10 000 Days

De : Eric Small

Avec John Schneider, Riley Smith, Kim Myers, Jill Remez

Année : 2014

Pays : Etats-Unis

Genre : Science-Fiction

Résumé :

Cela fait 27 ans que la comète 23 a frappé la Terre. L’éloignant de son orbite et du Soleil, elle plonge l’humanité toute entière dans une nouvelle ère glaciaire. 10 000 jours plus tard, 4 clans, autrefois alliés et aujourd’hui ennemis, se battent pour survivre…

Avis :

La science-fiction post-apocalyptique est un genre relativement prisé du cinéma, et pour cause.

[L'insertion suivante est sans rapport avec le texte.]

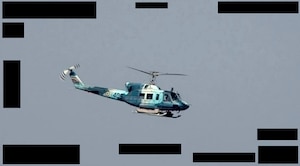 STRAIT OF HORMUZ (Oct. 6, 2023) An undated still image released on Oct. 6 from video taken by an Arabian Fox MAST-13 unmanned surface vessel of an Iranian Navy AB-212 helicopter in the Strait of Hormuz.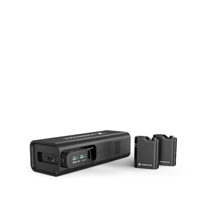 Features both a built-in microphone and 3.5mm locking connector for lavalier microphones. The transmitter comes with onboard recording capabilities for seamless backup. With an internal 16GB storage capacity it provides up to 30 hours of recorded audio at 24-bit / 48 kHz. When using the Sennheiser Profile system, you can activate Backup Recording Mode, that will automatically turn on backup recording, if the wireless signal becomes weak.

Il permet à quelque part d’entrevoir un avenir funeste et donc d’essayer d’anticiper les réactions que pourront avoir les êtres humains dans des conditions déplorables. Ainsi donc, les films se sont succédés avec des thématiques aussi diverses que variées et donnant à la planète des sorts différents, comme une ère glacière ou encore une terre aride et étouffante. Dans les deux cas, la lutte pour la survie est le centre même du problème. Et bien souvent, on peut y voir une régression, notamment technologique. Le problème avec ce genre de films, c’est qu’il faut du budget pour donner un semblant de crédibilité, ou alors savoir se faire intimiste, limitant les décors et les effets visuels tape à l’œil. Exactement ce que n’a pas su faire Eric Small avec 10 000 Days, un film au budget microscopique mais qui se veut tout de même grandiloquent dans ses décors et son histoire. Le résultat est donc déplorable, car en plus d’une mauvaise gestion du scénario en fonction du budget, le film se veut déplorable dans tout ce qu’il entreprend.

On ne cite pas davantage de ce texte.